Lo digo con conocimiento de causa  porque me ocurre, aunque nunca me llamaría a mí misma «ornitóloga». No: solo amante de las aves, porque sí, o por qué no, desde que tengo la memoria de mi sur natal recogiendo pichones desplumados que se caían de las canaletas de mi casa y a los que lograba conservar un par de días envueltos en algodón, entibiados cerca de la estufa. Las amo y las bendigo, porque me alegran el día, tanto una bandada de gaviotines antárticos como un churrete aseándose en una pocita de agua semiescarchada, un huairavo estirando el cuello, un petrel en vuelo o una desordenada colonia de  pingüinos. Sueño con conocer al chucao, al que solo he oído clamar desde la profundidad del bosque, y al martín pescador. Anoté con emoción en una agenda mi primera observación del cernícalo, parado sobre un poste en El Arrayán, que luego completé con una escaramuza de este pequeño rapaz con un vari, en la isla Navarino (ganó el cernícalo).

Mis aventuras periodísticas con las aves comenzaron en 1997, en Punta Arenas, cuando rescaté de debajo de una cocina a leña una lechuza blanca herida, que se había refugiado ahí, y luego se la entregué al Servicio Agrícola Ganadero. La consigno como periodística nada más que porque una persona llamó al diario para avisar que «había un bicho» atrapado debajo de la estufa y que por favor alguien lo sacara. Por supuesto, escribí la historia completa y la monitoreé por un mes, hasta que el ave fue dada de alta y devuelta a la naturaleza. Cerré ese año reporteando un conflicto ecológico entre la comunidad del edificio más alto de la ciudad (quince pisos) y un halcón peregrino que había elegido esa azotea para trocear y carnear a sus víctimas. Hastiados de la sangre, las vísceras y plumas que caían en la entrada del recinto, algunos vecinos querían dispararle al ave, lo que afortunadamente no ocurrió. Entonces empecé a mirar para arriba y nunca más he dejado de hacerlo, lo mismo si chilla un tiuque que si grazna una rara.

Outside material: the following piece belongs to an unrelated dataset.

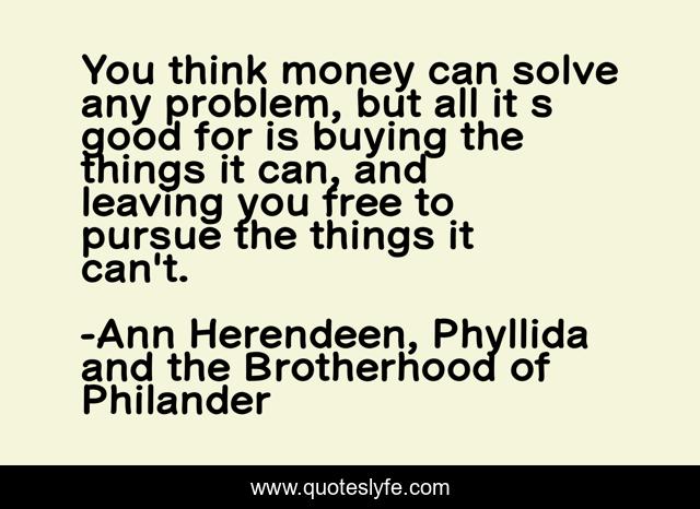 This page presents the quote "You think money can solve any problem, but all it s good for is buying the things it can, and leaving you free to pursue the things it can't.". Author of this quote is Ann Herendeen, Phyllida and the Brotherhood of Philander. This quote is about money, wisdom,.

El misterio del instinto migratorio, la arquitectura del plumaje, la ingeniería del vuelo, su simple belleza, pueden ser muchas las razones –o excusas– para el hábito inveterado de pajarear. Antes de rendirme a él, pensaba que los ornitólogos –de ciencia dura o talante contemplativo, pues todos caben en ese reino– estaban un poco locos, que eran obsesivos y detallistas como científicos, pero sensibles como poetas. Ahora pienso que, si bien serían todo lo anterior, se parecen a los cazadores en el dominio del arte de la paciencia y del acecho.

Me gusta de los ornitólogos con los que he compartido el estado habitual de pregunta. Sin importar las credenciales de cada uno, no se imponen certezas en este mundo; solo registro, chequeo y verificación. La conversación comienza desde la especie que creíste ver y se desarrolla en la descripción de sus colores, envergadura, tamaño y lugar de avistamiento. Nadie jamás me ha reprochado confundir, viéndolos a distancia, un juvenil de yal con un tordo, y sí me han preguntado por los colores de las plumas y el pico.

Cuando un veterano de estas lides como Enrique Couve, guía reputado al que los turistas se disputan como líder de expedición, comenta, con genuino brillo en los ojos, que recibe diariamente una veintena de jilgueros y cometocinos  y hasta diez chincoles en los comederos del patio de su casa, en Punta Arenas, me vuelvo a preguntar por el origen de esa fascinación. Couve simplemente explica: «Las aves me han dado la paz. Me aterrizan. Es como comer tierra». Y volar alto, agregaría yo.

 

Claudia Urzúa es periodista y pajarera aficionada. Ha publicado Chile en los ojos de Darwin (Ediciones B, 2009).